Any pictures in the records below must be left out when you repeat the lines from the line containing "光着脚走在层叠的白色钙化池中,可见的碧蓝泉水倒映着天空。" through the line containing "В результате за" exactly.

[[ GIVEN RECORDS, beginning ]]

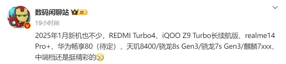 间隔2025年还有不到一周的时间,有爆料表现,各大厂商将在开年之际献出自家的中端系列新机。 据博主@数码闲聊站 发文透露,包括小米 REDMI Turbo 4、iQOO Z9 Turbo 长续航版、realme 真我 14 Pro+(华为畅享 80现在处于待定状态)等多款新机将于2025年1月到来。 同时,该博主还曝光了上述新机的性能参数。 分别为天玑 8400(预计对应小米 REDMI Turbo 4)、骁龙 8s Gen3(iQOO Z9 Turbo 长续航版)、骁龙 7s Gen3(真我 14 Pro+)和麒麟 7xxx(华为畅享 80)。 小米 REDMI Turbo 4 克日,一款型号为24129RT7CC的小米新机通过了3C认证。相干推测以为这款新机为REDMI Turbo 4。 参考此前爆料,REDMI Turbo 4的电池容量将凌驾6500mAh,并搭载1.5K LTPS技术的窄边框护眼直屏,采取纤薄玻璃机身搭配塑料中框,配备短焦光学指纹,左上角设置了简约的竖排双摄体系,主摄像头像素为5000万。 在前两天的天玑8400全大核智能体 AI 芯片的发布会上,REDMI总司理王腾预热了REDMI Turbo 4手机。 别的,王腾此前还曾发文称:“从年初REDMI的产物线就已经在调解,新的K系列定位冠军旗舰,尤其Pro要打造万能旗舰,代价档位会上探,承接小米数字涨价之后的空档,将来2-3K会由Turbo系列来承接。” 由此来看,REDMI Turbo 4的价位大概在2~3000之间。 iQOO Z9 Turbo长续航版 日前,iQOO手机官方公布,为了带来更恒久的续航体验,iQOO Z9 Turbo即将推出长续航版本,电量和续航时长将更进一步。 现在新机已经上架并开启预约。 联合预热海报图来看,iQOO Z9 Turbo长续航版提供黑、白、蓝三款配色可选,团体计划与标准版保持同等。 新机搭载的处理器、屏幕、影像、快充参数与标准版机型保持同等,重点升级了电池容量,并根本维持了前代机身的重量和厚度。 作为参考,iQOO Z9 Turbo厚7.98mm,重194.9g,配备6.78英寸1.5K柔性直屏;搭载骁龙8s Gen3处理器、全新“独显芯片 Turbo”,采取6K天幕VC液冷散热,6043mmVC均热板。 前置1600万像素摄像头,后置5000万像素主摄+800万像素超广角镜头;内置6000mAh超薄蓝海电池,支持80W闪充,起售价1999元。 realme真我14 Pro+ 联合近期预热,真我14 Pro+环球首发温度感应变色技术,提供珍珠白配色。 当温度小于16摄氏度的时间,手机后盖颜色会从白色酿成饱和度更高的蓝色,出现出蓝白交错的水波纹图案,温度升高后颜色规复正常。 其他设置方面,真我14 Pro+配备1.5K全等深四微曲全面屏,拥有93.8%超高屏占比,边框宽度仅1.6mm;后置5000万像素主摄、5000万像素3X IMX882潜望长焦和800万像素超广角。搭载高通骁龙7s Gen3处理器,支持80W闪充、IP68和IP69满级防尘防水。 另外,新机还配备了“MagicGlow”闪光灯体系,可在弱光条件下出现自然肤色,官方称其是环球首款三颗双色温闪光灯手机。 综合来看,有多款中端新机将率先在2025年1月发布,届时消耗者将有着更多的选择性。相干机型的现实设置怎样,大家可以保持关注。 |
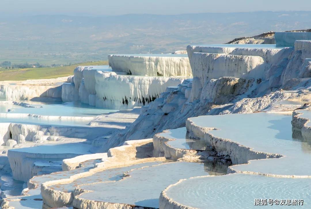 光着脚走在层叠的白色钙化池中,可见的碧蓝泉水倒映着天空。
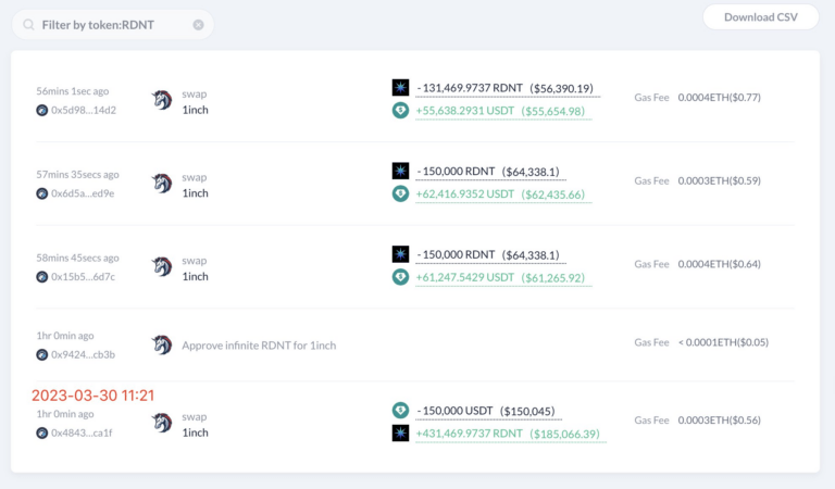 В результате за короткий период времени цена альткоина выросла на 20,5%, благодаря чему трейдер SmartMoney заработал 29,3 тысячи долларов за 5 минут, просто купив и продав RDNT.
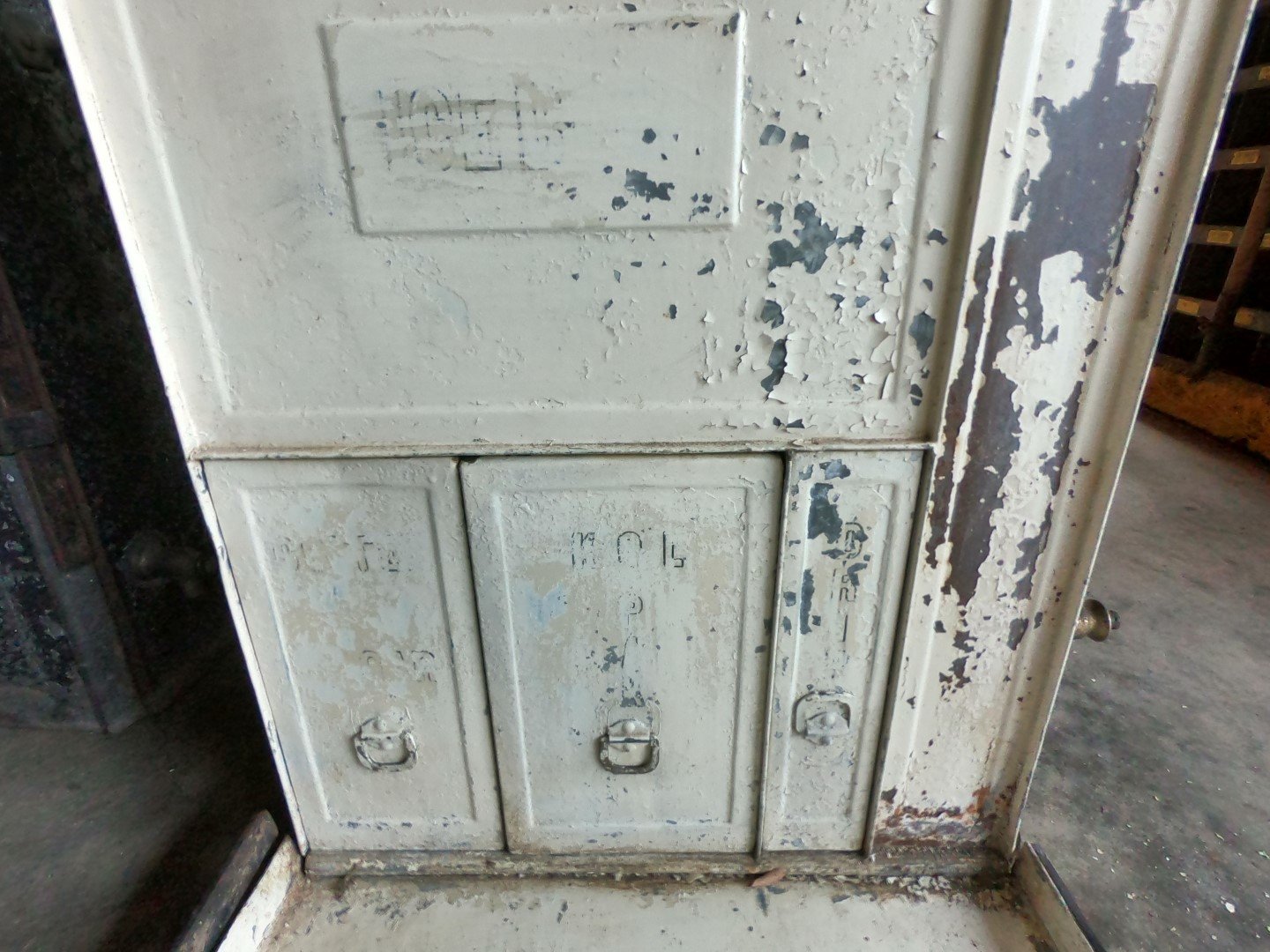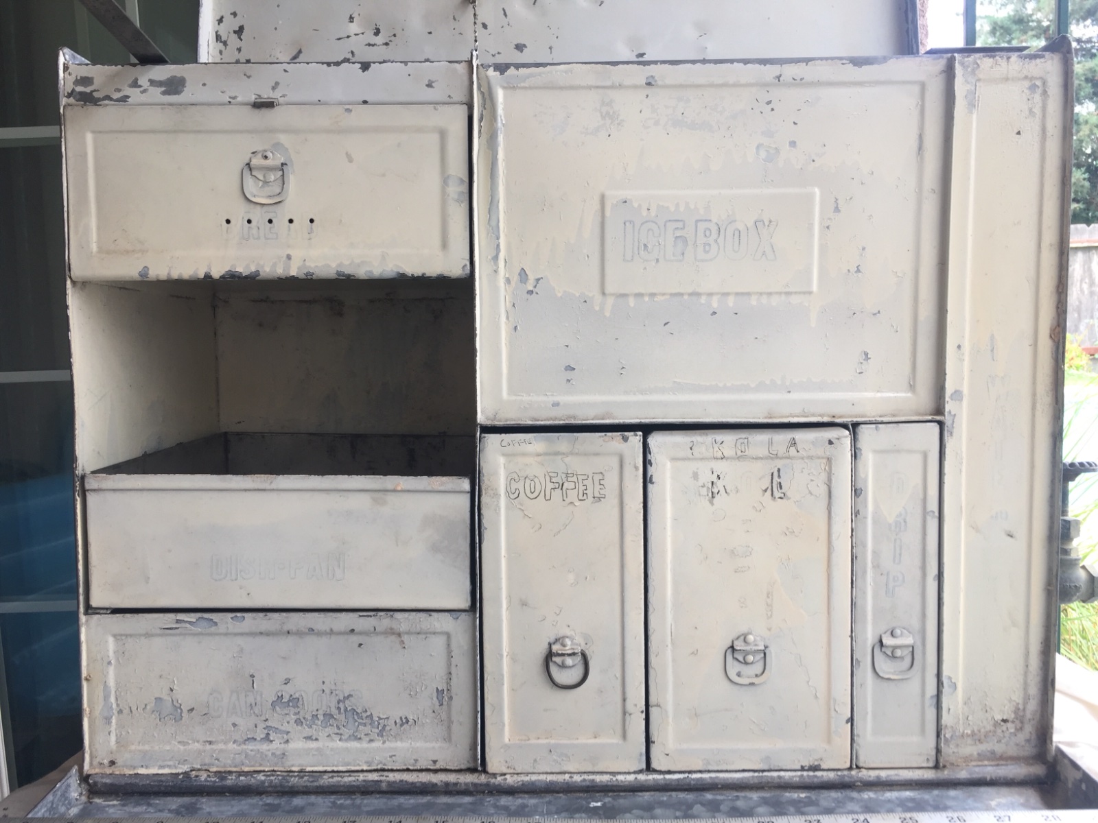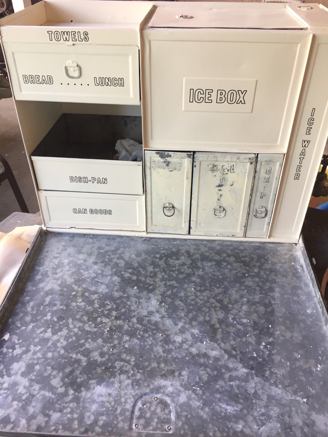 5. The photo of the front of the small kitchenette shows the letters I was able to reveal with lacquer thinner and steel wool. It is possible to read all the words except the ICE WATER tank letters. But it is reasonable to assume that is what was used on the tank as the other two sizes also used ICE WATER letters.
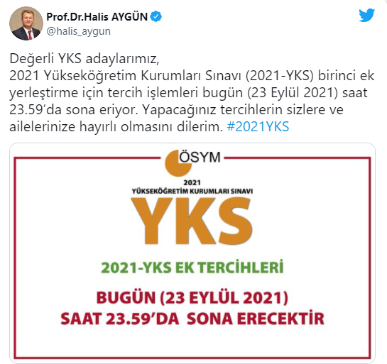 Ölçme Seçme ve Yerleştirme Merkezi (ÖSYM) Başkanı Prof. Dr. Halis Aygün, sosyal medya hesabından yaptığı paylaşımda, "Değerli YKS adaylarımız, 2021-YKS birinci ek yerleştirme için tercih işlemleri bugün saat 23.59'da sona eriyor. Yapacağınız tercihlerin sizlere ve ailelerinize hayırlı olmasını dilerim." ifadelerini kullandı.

[[ GIVEN RECORDS, end ]]
[[ GIVEN RECORDS, beginning ]]

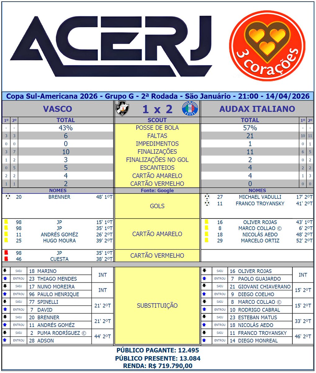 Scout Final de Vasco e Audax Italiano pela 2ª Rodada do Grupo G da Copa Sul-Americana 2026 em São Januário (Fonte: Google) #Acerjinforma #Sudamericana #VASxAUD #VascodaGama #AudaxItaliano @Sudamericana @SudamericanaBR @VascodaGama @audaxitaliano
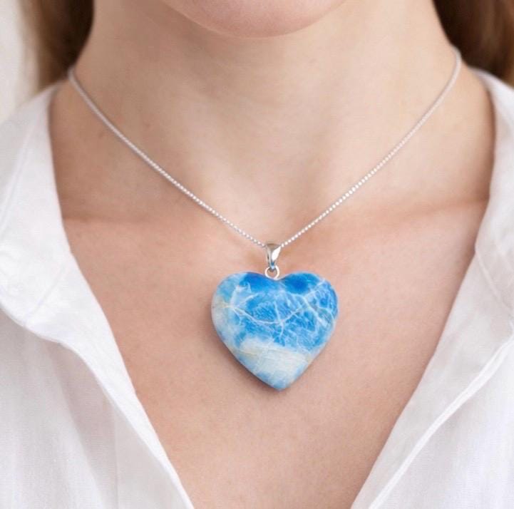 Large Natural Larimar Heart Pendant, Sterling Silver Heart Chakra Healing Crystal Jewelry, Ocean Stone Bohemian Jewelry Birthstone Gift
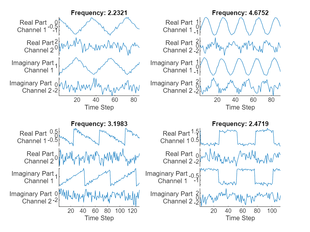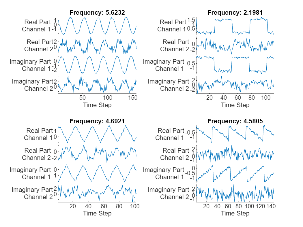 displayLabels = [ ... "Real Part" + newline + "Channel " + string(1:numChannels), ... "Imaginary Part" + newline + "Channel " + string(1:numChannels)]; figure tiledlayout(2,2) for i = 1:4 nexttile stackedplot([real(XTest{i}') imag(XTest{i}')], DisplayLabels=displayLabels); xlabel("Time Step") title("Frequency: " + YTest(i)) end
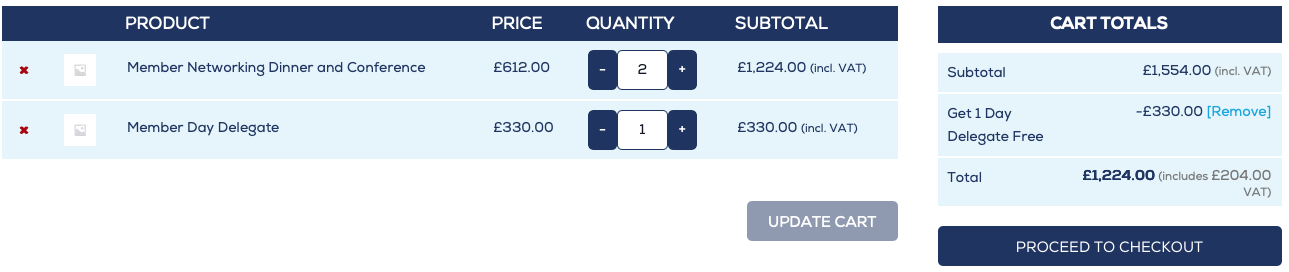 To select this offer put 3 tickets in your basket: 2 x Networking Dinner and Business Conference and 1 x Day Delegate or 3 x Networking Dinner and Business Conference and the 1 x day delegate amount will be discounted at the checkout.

[[ GIVEN RECORDS, end ]]

▶ WRITTEN ANSWER:
 光着脚走在层叠的白色钙化池中,可见的碧蓝泉水倒映着天空。
 В результате за короткий период времени цена альткоина выросла на 20,5%, благодаря чему трейдер SmartMoney заработал 29,3 тысячи долларов за 5 минут, просто купив и продав RDNT.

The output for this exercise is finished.